The Council of the United…

ERO number

013-0551

Comment ID

2169

Commenting on behalf of

Individual

Comment status

Comment approved More about comment statuses

Comment

The Council of the United Counties of Leeds and Grenville, at its recent Committee of the Whole meeting held July 4, 2017, reviewed the proposal for a regulation which would require municipalities to adopt asset management plans, as well as the content and other requirements. The Counties supports asset management planning and its benefits. However, it has some concerns about the proposal as posted. They are:

1. the time allotted for comments should be extended in order for all municipalities to fully analyze and assess the impact of such a regulation. There is insufficient time, especially with commencement of summer and vacation times, for a fully analysis and assessment, especially since many Councils only meet monthly.

2 for many municipalities, especially small municipalities, this new regulation shall require them to engage consultants to prepare the policy and plan, including the 5-year updates. Furthermore, annual report shall require staff resources. This is not revenue neutral and thus the province should provide funding for such work, and not competitive allocation, but rather an allocation method that could be reconciled based on actual costs to the municipality In essence, any regulation should not increase the costs for municipalities without offsetting provincial funds.

3. It is well documented that there is a real infrastructure deficit due to the lack of past investments, as well as an ongoing deficit between what municipality spend on infrastructure/assets and should be spending. This proposal would require municipality to develop financial plans to address this deficit or 'gap'. Municipalities cannot address this gap alone

- they require senior levels of government assistance. Asking municipalities to increase their debt loads or taxes is not fiscally sound for the future of municipal government in Ontario.

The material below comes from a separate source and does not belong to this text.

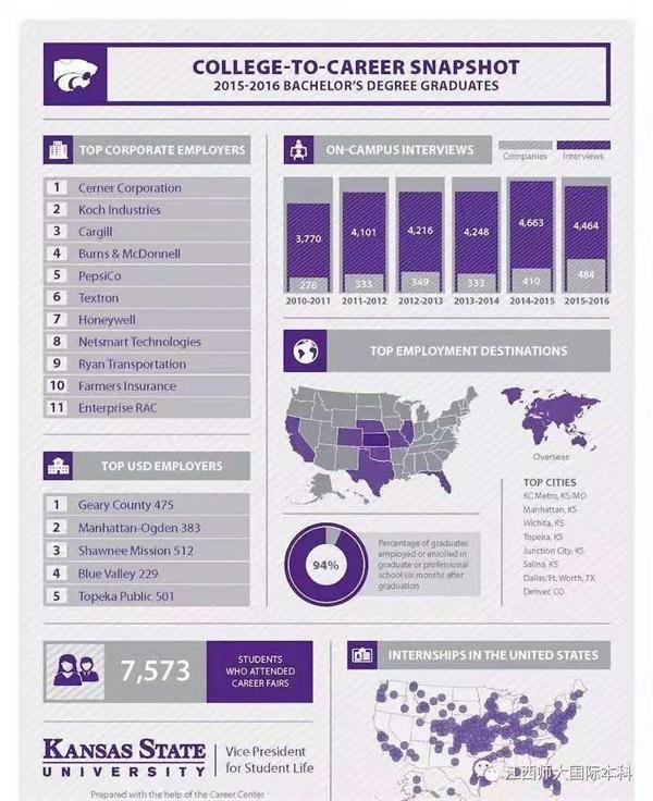 谈到堪萨斯州立大学毕业生就业的具体情况,Keller介绍到有94%的学生会在毕业六个月至一年后成功就业或是继续修读硕士、博士等学位。根据近几年的统计,有70%的本科毕业生在堪萨斯州和密苏里州成功就职,但随着目前就业地点的多元化,有越来越多的毕业生选择就职于德克萨斯州、科罗拉多州、俄克拉荷马州、加州、伊利诺伊州等全美一线大州。

4. The new rules shall require municipalities to forecast and predict future growth, operational risks, energy costs, and the impact of climate change. The plans shall also require contingency plans to address such phenomena/impacts. Once again, this shall require additional resources for municipalities, not only to address in the plan and its updates, but also monitor.

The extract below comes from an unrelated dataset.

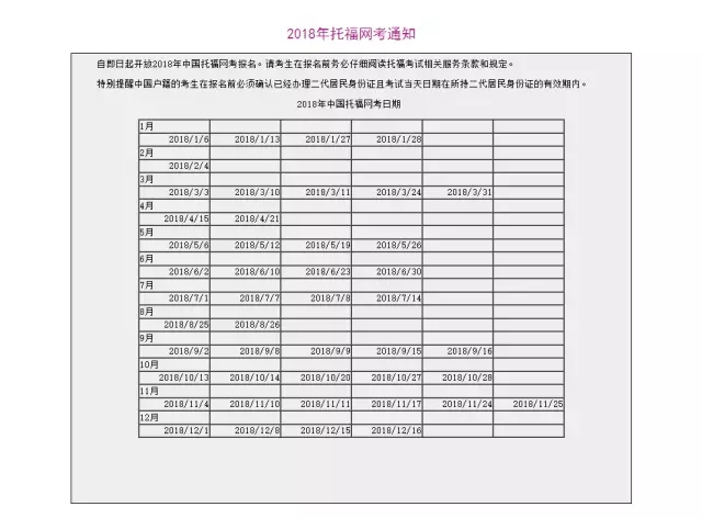 摘要:2018年托福® 考试现在开始注册啦!如果你打算在明年参加托福考试,那就快来在时间注册理想考位。以下是2018托福® 考试日期安排: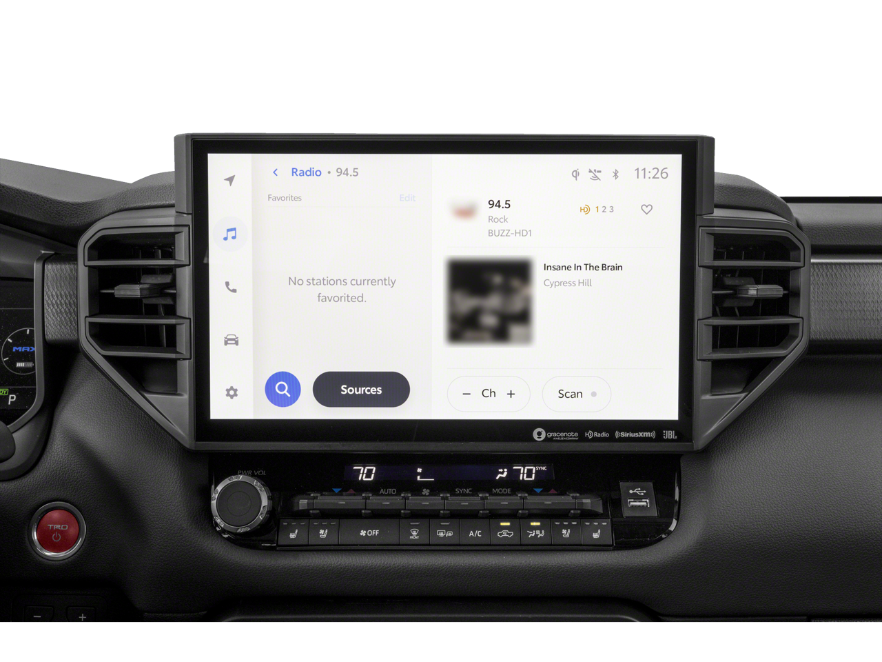 - Radio: Premium Audio w/JBL -inc: 14-inch touchscreen, 12 JBL speakers (including subwoofer and amplifier), Android Auto and Apple CarPlay compatible and SiriusXM w/3-month platinum plan trial subscription, See toyota.com/audio-multimedia for details, Connected services - Safety Connect w/up to 10-year trial, Remote Connect w/1-year trial, Drive Connect w/1-year trial, Service Connect w/up to 10-year trial, Wi-Fi Connect w/up to 3 GB within 1-month trial, See toyota.com/connected-services for details

5. The plans require approval by a 'licensed engineering practitioner' and an 'executive' lead. There is no definition for either, as well as what will they be approving and against what criteria. What would the risk be to these two individuals. Also, they must approve the plan prior to Council's consideration

- what is the purpose of Council approving it?

The concept of standardizing municipal asset management processes and plans is positive, however there are additional costs for municipalities, cost which need provincial funding. It is also commendable that the proposed regulation includes all assets/infrastructure, not only core.